===== Extracted information =====

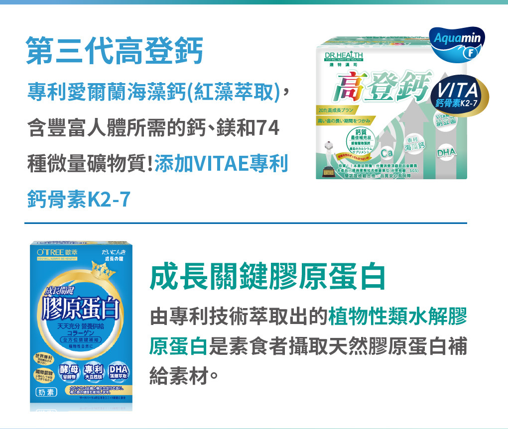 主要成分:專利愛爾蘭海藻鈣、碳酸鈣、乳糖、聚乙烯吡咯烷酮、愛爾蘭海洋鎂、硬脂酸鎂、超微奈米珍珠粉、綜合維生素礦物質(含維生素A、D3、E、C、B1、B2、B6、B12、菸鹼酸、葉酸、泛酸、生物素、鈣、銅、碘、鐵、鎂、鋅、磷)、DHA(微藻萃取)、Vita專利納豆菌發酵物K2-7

=====
===== Extracted information =====

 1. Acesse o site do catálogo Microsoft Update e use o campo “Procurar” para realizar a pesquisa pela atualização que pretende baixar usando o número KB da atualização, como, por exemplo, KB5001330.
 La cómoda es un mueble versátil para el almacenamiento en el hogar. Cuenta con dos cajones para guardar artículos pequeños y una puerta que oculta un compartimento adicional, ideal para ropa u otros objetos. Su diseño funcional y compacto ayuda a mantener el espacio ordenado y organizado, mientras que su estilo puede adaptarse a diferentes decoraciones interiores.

=====

■ **What you are asked to do**:
Search the listing above for the string "para". Copy every line that contains it.

■ **Answer to this exercise**:
 1. Acesse o site do catálogo Microsoft Update e use o campo “Procurar” para realizar a pesquisa pela atualização que pretende baixar usando o número KB da atualização, como, por exemplo, KB5001330.
 La cómoda es un mueble versátil para el almacenamiento en el hogar. Cuenta con dos cajones para guardar artículos pequeños y una puerta que oculta un compartimento adicional, ideal para ropa u otros objetos. Su diseño funcional y compacto ayuda a mantener el espacio ordenado y organizado, mientras que su estilo puede adaptarse a diferentes decoraciones interiores.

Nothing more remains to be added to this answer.